I saw the mountain of debris in between my strides – tree limbs, plastic bags, and bits of unidentified things trapped between a bridge and a bank. Debris is one of those words that sounds more beautiful than what it defines (maybe that is many words in French?). “The remains of something broken down or destroyed,” doesn’t sound beautiful. It sounds like ruin. The debris that gathered under the bridge didn’t make sense together – the massive pile of natural and unnatural odds and ends were not supposed to be blocking the river the way they were.
I realized I had slowed my pace and was taking a mental picture of the floating mass. I was thinking about Oklahoma and trying to imagine what a town would look like after being leveled in an instant.

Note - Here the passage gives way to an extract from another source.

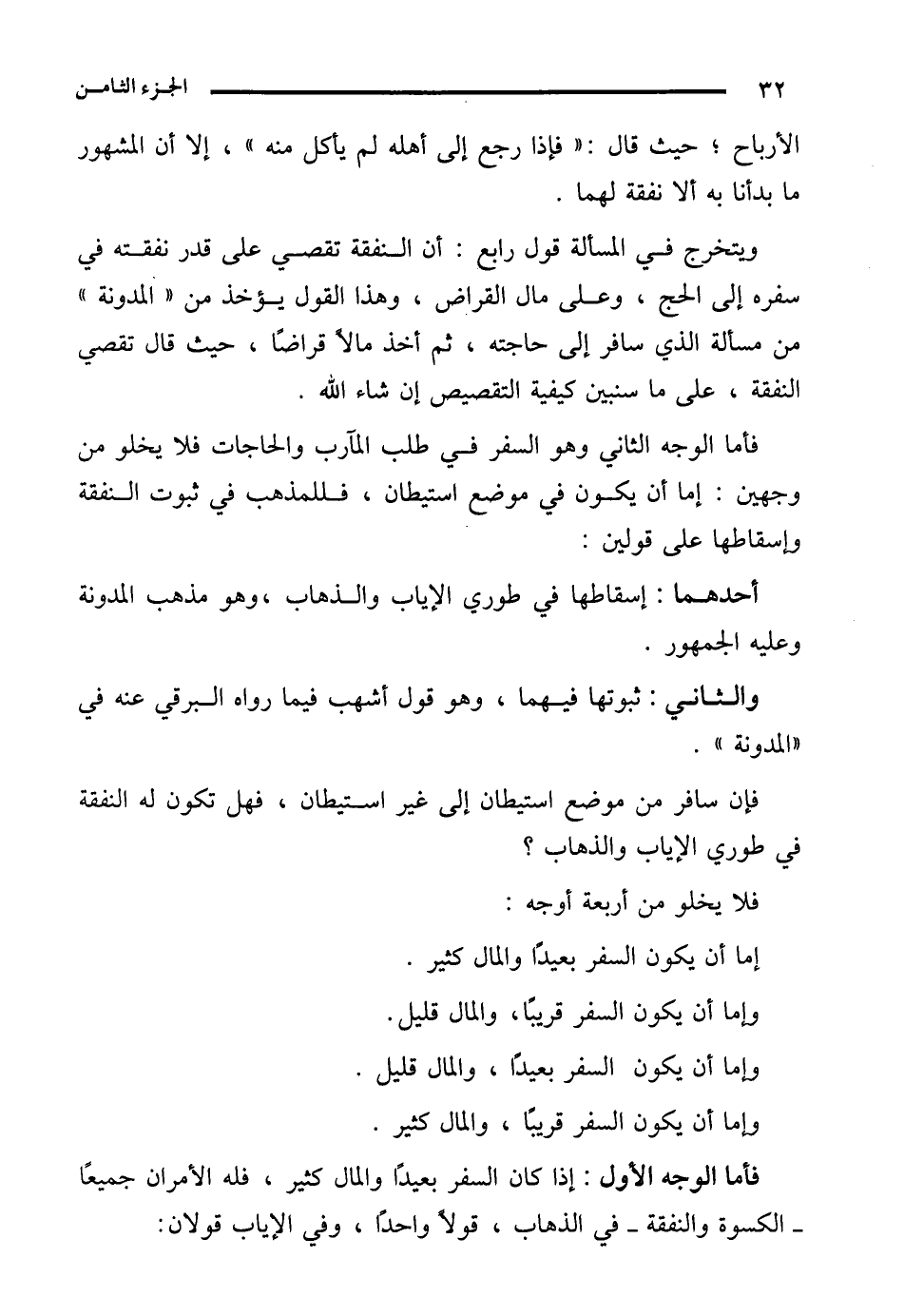 فأما الوجه الأول: إذا كان السفر بعيدًا والمال كثير، فله الأمران جميعًا -الكسوة والنفقة- في الذهاب، قولًا واحدًا، وفي الإياب قولان:

Isn’t there a mysterious sort of beauty after a storm has passed? When the stillness swallows up the storm’s screeching and the gray clouds let the light back in.
Maybe I’m making little sense. But we often use the phrases “tragic beauty” and “beautiful scandal” in a way that assumes they make sense. In literature and movies and conversation and news stories, we all recognize there is beauty within and around and in between the debris of tragedy.
I kept running while my brain ran to find reasons debris could be beautiful. The path was deserted – just a solitary man on a bike crossed in front of my running feet. When I got to Gray’s Lake and had run halfway around it, I realized the reason the paths were empty: it was closed due to flooding. The ducks could not figure out whether to swim in the streets or the river. They didn’t even move when I passed. And then in the middle of the bridge (that runs across the lake), I found myself running inside a storm.
That’s when I thought it was a stupid idea to be on a run, but you can’t do much but run when you are halfway across the bridge in a downpour and a couple miles from home. I laughed a little bit, prayed a little bit that I wouldn’t get struck by lightning, and thought a little bit about how peaceful it had seemed moments before.
The rain died down and I navigated the flooded paths while wondering if I could get arrested for going around wood barricades. The lake returned to its placid state and the stillness swallowed up the last of the storm’s brawl. The park looked like a photoshop creation, with all the green hues and perfect dew drops on perfect blooms.
I ran back past the mass of debris trapped underneath the bridge by 5th Street and thought about all the natural disasters with all their masses of debris that sometimes stretch the length of a city. How can we call that beautiful? That stillness after the storm?
I was in middle school when a very powerful windstorm hit our rural area. Everyone was in a productive panic (I think rural areas are especially good at this) and the children were all sent home from school early. We arrived at home and my oldest brother looked out on our property (with several less roofs on buildings, as they had been flung into the fields) and said, “Wow. God is awesome!”
The post-storm calmness had claimed the horizon and what my brother saw when he looked out from our front porch was God’s awesomeness.
It doesn’t make any sense. How can something destructive uncover something beautiful?
Sometimes things just don’t make sense. Sometimes they are swallowed up into the greater mystery of a world beyond us, a reality beyond this, and an eternity that is beyond the reach of disaster.
Sometimes what is unsteady and unpredictable in the world is at its brightest contrast to what is forever and true.
Is that how beauty peeks through with rays of sunlight when the storm settles down? Does tragedy in this world somehow shake us from temporary sight to see something eternal?